1. Airway antibiotics (administered via nebulization or intravenous infusion) have been utilized since the current hospitalization;
2. Pulmonary infection caused by non-bacterial pathogens, such as viruses, fungi, or atypical organisms;
3. Infections located outside the pulmonary system, including those in the bloodstream, abdominal cavity, or urinary tract;
4. Respiratory failure secondary to non-pulmonary infections, such as cardiogenic factors or sepsis-like syndromes;
5. Chronic pulmonary conditions, including chronic obstructive pulmonary disease (COPD), asthma, bronchiectasis, and pulmonary interstitial fibrosis;
6. Chronic gastrointestinal disorders, such as inflammatory bowel disease (IBD), irritable bowel syndrome (IBS), celiac disease, and non-alcoholic fatty liver disease (NAFLD);
7. Recent surgical procedures involving the abdomen or lungs (within 14 days prior to admission);
8. Pregnant or lactating individuals；
9. Subjects who participated in other clinical studies as trial participants at the time of enrollment or within 3 months prior to enrollment；
10. Lack of a signed written informed consent form.

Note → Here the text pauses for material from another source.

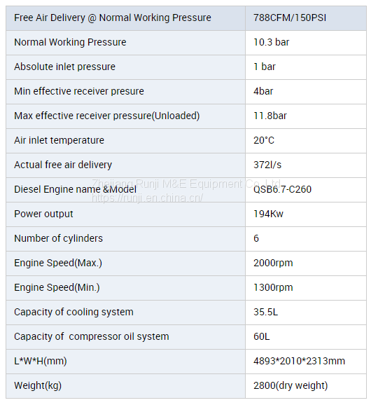 ATLAS COPCO XATS 800C Single Stage 788cfm@150psi Cummins Diesel Engine of Atlas Copco 10.3bar air compressor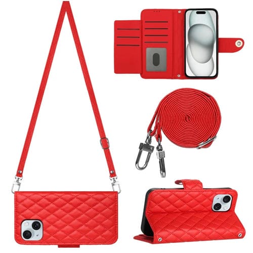 For iPhone 15 Plus Rhombic Texture Flip Leather Phone Case with Long Lanyard (Red)

Further trial will be conducted to investigate the effect and safety of FMT on the recovery of pulmonary microecological imbalance in critically ill patients, and to evaluate its impact on the length of stay in the ICU, ICU mortality, in-hospital mortality, and 28-day mortality, etc.

Inclusion Criteria:

1. Age 18-70 years, regardless of gender or ethnicity;
2. ICU admission ≥24 hours;
3. Expected ICU stay ≥7 days;
4. Mechanically ventilated patients with confirmed pulmonary MDRO infection prior to enrollment. Target MDRO has available narrow-spectrum antibiotics; if the pathogen is pan-resistant (e.g., pan-drug-resistant Acinetobacter baumannii) and treatment relies solely on polymyxins or other limited options, exclusion is required. The attending physician must confirm that short-term discontinuation of broad-spectrum antibiotics is safe;
5. Written informed consent provided.

Exclusion Criteria:

1. Severe systemic infection during early resuscitation, with hemodynamic instability, severe tissue hypoperfusion, or major electrolyte and acid-base disturbances;
2. High risk of death within 5 days per clinician assessment, or presence of treatment-limiting directives;
3. Active gastrointestinal bleeding or perforation indicating severe intestinal barrier damage;
4. Inability to tolerate enteral nutrition supplying ≥50% of caloric needs due to fibrotic bowel stenosis or high-output fistula;
5. Planned or recent abdominal surgery (within 14 days before enrollment);
6. Diagnosed fulminant colitis or toxic megacolon;
7. Neutropenia (absolute neutrophil count < 1500 cells/µL);
8. Congenital or acquired immunodeficiency;
9. Recent use of high-risk immunosuppressive or cytotoxic agents: e.g., rituximab, doxorubicin, or corticosteroids ≥20 mg/day prednisone equivalent for ≥4 weeks;
10. Pregnant or breastfeeding individuals;
11. Enrollment in another clinical trial within 3 months before or at study entry.